C++ has a dedicated function for filling an array with a value, and I would use this (after #include <algorithm> and #include <iterator>):

std::fill(std::begin(A), std::end(A), 3);

You shouldn't underestimate what optimizing compilers can do with something like this.

If you are interested in seeing what the compiler does, then Matt Godbolt's Compiler Explorer is a very good tool if you're prepared to learn a little bit of assembler. As you can see from here, compilers can optimize the fill call to twelve (and a bit) 128-bit stores with any loops unrolled. Because compilers have knowledge of the target environment they can do this without encoding any target-specific assumptions in the source code.

Solution 2 - C++

He assumes that long is four times longer than short (that is not guaranteed; he should use int16_t and int64_t).

He takes that longer memory space (64 bits) and fills it with four short (16 bits) values. He is setting up the values by shifting bits by 16 spaces.

Then he wants to treat an array of shorts as an array of longs, so he can set up 100 16-bit values by doing only 25 loop iteration instead of 100.

That's the way your teacher thinks, but as others said this cast is undefined behavior.

Solution 3 - C++

What an absolute load of hogwash.

For starters, v will be computed at compile time.
The behaviour of dereferencing B following long *B = (long*)A; is undefined as the types are not related. B[i] is a dereference of B.
There's no justification whatsoever for the assumption that a long is four times larger than a short.

Use a for loop in the simple way and trust the compiler to optimise. Pretty please, with sugar on top.

Solution 4 - C++

The question has the C++ tag (no C tag), so this should be done in C++ style:

// C++ 03
std::vector<int> tab(100, 3);

// C++ 11
auto tab = std::vector<int>(100, 3);
auto tab2 = std::array<int, 100>{};
tab2.fill(3);

Also the teacher is trying outsmart the compiler which can do mind-blowing things. There is no point to do such tricks since the compiler can do it for you if configured properly:

As you can see, the -O2 result code is (almost) the same for each version. In case of -O1, tricks give some improvement.

So the bottom line, you have to make a choice:

Write hard-to-read code and do not use compiler optimizations
Write readable code and use -O2

Use the Godbolt site to experiment with other compilers and configurations. See also the latest cppCon talk.

Solution 5 - C++

As explained by other answers, the code violates type aliasing rules and makes assumptions that are not guaranteed by the standard.

If you really wanted to do this optimization by hand, this would be a correct way that has well-defined behaviour:

long v;
for(int i=0; i < sizeof v / sizeof *A; i++) {
    v = (v << sizeof *A * CHAR_BIT) + 3;
}

for(int i=0; i < sizeof A / sizeof v; i++) {
    std:memcpy(A + i * sizeof v, &v, sizeof v);
}

The unsafe assumptions about the sizes of the objects were fixed by the use of sizeof, and the aliasing violation was fixed by using std::memcpy, which has well-defined behaviour regardless of the underlying type.

That said, it's probably best to keep your code simple and let the compiler do its magic instead.

> Why I need the left shift operator?

The point is to fill a bigger integer with multiple copies of the smaller integer.

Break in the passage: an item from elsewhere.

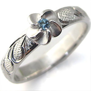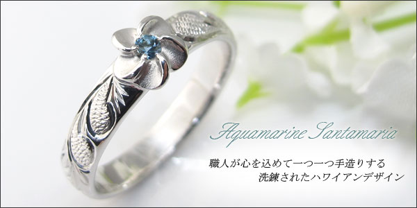 ハワイアンジュエリー プラチナリング サンタマリア アクアマリン リング ピンキーリング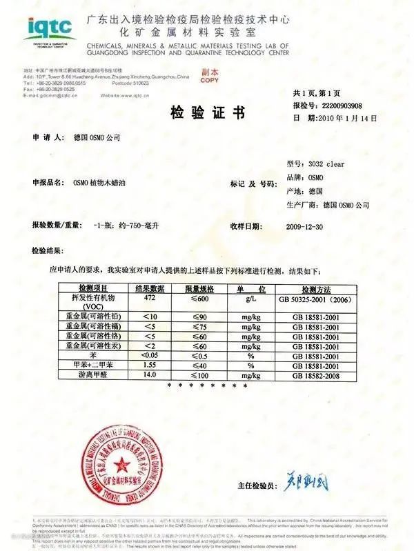下方是德国木蜡油品牌欧诗木的送检结果,其中甲醛、苯系物都能检出。

If you write a two-byte value s to a big integer l, then shift the bits left for two bytes (my fixed version should be clearer about where those magic numbers came from) then you'll have an integer with two copies of the bytes that constitute the value s. This is repeated until all pairs of bytes in l are set to those same values. To do the shift, you need the shift operator.

When those values are copied over an array that contains an array of the two-byte integers, a single copy will set the value of multiple objects to the value of the bytes of the larger object. Since each pair of bytes has the same value, so will the smaller integers of the array.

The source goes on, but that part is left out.